Entering by the back way, she tapped softly with the key at one of the cell-doors, and listened. There was no sound within: so she coughed and listened again. Still there was no reply: so she spoke.
‘Nolly, dear?’ murmured Nancy in a gentle voice; ‘Nolly?’
There was nobody inside but a miserable shoeless criminal, who had been taken up for playing the flute, and who, the offence against society having been clearly proved, had been very properly committed by Mr. Fang to the House of Correction for one month; with the appropriate and amusing remark that since he had so much breath to spare, it would be more wholesomely expended on the treadmill than in a musical instrument. He made no answer: being occupied mentally bewailing the loss of the flute, which had been confiscated for the use of the county: so Nancy passed on to the next cell, and knocked there.

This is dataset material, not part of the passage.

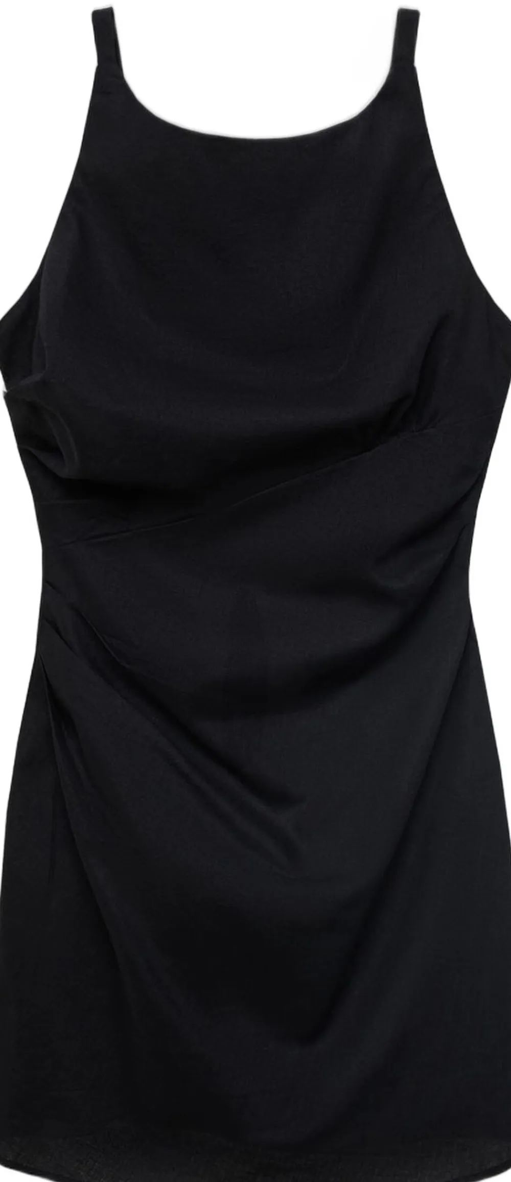Hør- og bomuldsblanding, kort Design, barbermaskinet Design, bådhals, ærmeløs, tynde justerbare stropper, lynlås i siden, indvendig foring, blå farve er en Exclusive online.

‘Well!’ cried a faint and feeble voice.
‘Is there a little boy here?’ inquired Nancy, with a preliminary sob.
‘No,’ replied the voice; ‘God forbid.’
This was a vagrant of sixty-five, who was going to prison for not playing the flute; or, in other words, for begging in the streets, and doing nothing for his livelihood. In the next cell was another man, who was going to the same prison for hawking tin saucepans without license; thereby doing something for his living, in defiance of the Stamp-office.
But, as neither of these criminals answered to the name of Oliver, or knew anything about him, Nancy made straight up to the bluff officer in the striped waistcoat; and with the most piteous wailings and lamentations, rendered more piteous by a prompt and efficient use of the street-door key and the little basket, demanded her own dear brother.
‘I haven’t got him, my dear,’ said the old man.
‘Where is he?’ screamed Nancy, in a distracted manner.
‘Why, the gentleman’s got him,’ replied the officer.
‘What gentleman! Oh, gracious heavens! What gentleman?’ exclaimed Nancy.
In reply to this incoherent questioning, the old man informed the deeply affected sister that Oliver had been taken ill in the office, and discharged in consequence of a witness having proved the robbery to have been committed by another boy, not in custody; and that the prosecutor had carried him away, in an insensible condition, to his own residence: of and concerning which, all the informant knew was, that it was somewhere in Pentonville, he having heard that word mentioned in the directions to the coachman.